Hi! I was asked by someone to share some data I’d previously collected in a tinderbox document and I wanted to export all this as JSON for maximum shareability.

So I sat down with my export hat on and tried to figure out how to do this. I made a simple template:

{"name":"^value(attributeEncode($Name))^","eventrefnumber":"^value(attributeEncode($eventrefnumber))^","text":"^text^"}

There are more attributes I’m going to have to export, but this is enough of a showcase. For one exported note, I get the following:

{"name":"Taliban Compound Struck","eventrefnumber":"2009-11-CA-056","text":"<p>Dec. 2: Taliban Compound Struck</p>

<p>NEWS RELEASE ISAF Joint Command - Afghanistan  2009-11-CA-056 For Immediate Release  KABUL, Afghanistan (Dec. 02) - International forces conducted an air strike against a Taliban commander in a remote area of eastern Afghanistan yesterday.  The Taliban commander was the target of the precision strike in Kunar province's Dara Noor district, which occurred  in an open area away from civilian compounds or infrastructure.  Assessment of the strike continues.</p>"}

Actually when I view this file in VS Code it gives me a warning and shows me the file as such:

CleanShot 2024-03-23 at 12.19.05

So I can see that there are a bunch of invisible characters that tinderbox’s rich text window has created. This file is also not ‘good’ JSON also any more because of the newline character in there etc. I tried to open the file using jq and it complained that:

$ jq '.' /myfile.json

jq: parse error: Invalid string: control characters from U+0000 through U+001F must be escaped at line 3, column 486

So I had a couple of questions:

  1. how can I do whatever escaping / conversion or urlencoding(?)/escaping I need to do so that I can export these arbitrary sections of text as part of the JSON export? I looked here but couldn’t quite figure out which of those was appropriate. Note that it’s probably ok to just replace all these errant characters with a single space or some kind of delimiter. In the end, the person just wants the text. Formatting isn’t so crucial.
  2. For my understanding: why, in the export template, do we do ^text^ and not ^value(attributeEncode($text))^? I saw in some places in the docs that the ^value($SomeAttribute) is the way to get those attributes, but it wasn’t clear to me why that pattern didn’t apply to the text attribute.

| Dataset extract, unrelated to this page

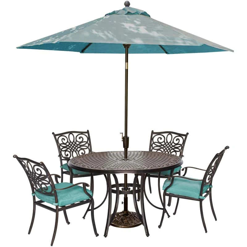 Hanover Traditions 5 Pc Bronze Aluminum Traditional Dining Set Blue

Any pointers to docs or suggestions on these two points would be much appreciated! Thanks!

I think, browsing a bit more in the forums, I found the answer to my problem:

{"name":"^value(attributeEncode($Name))^","eventrefnumber":"^value(attributeEncode($eventrefnumber))^","text":"^value(jsonEncode($Text))^"}

So $Text is the way to get the text. Not sure what that ^text^ thing is, but no matter :slight_smile:

And then the jsonEncode() function seems to do exactly what I need!

My code editor still complains about some of those hidden characters, but I’m able to read the data with jq no problem.

My next practical question would be, how do I update a whole bunch of notes such that they all use my new JSON template and not the default HTML one. I think I’ll also have to change the fileextension for when they’re exported as well.

Is this a job for a stamp? I’m a bit worried about that as there are thousands of these notes…

Is there any reason you are not using String.jsonEncode() or jsonEncode()?

1 Like

No reason whatsoever! I didn’t realise there was a function like that. I just saw you comment about using jsonEncode so I tried it out and it worked.

1 Like

Not quite sure how to trigger a full export. I made an agent which collected the 4835 notes together in one place, and then I selected them all and used the File menu to ‘export selected notes’, but only 1321 files were exported. I suspect that some of them have the same names? (1.json e.g.) so my question is how do I specify the filename of the files being exported?. (Or alternatively, tell Tinderbox to not overwrite files but rather add some increment value on the end etc).

Answering my own question, it seems that HTMLExportFileName is what I’m looking for!

1 Like

[My apologies for terse post earlier, as I spotted your question just as we were sitting down to lunch]

The other thing to watch for making JSON is the ‘trailing comma’ bug. Formally, JSON does not allow this:

[{
  "id": 12345,
  text": "foo"
},
{
  "id": 12345,
  text": "bar"
}, // <- trailing comma
]

Realising that loop-based output is liable to create the latter, many JSON based processes simply allow for the mistake. Others don’t, q.v. fuse.js fuzzy search—as trialled here. The search uses the whole of aTbref content exported as JSON data. I had all sorts of problems until @jackbaty kindly reported I’d left a hanging comma in my JSON that gave a silent [sic] fail in fuse.js.

I think the issue with attributeCode() in this context is the line breaks in $Text were not being turned into the \n suitable for JavaScript-based JSON, same for tabs, etc.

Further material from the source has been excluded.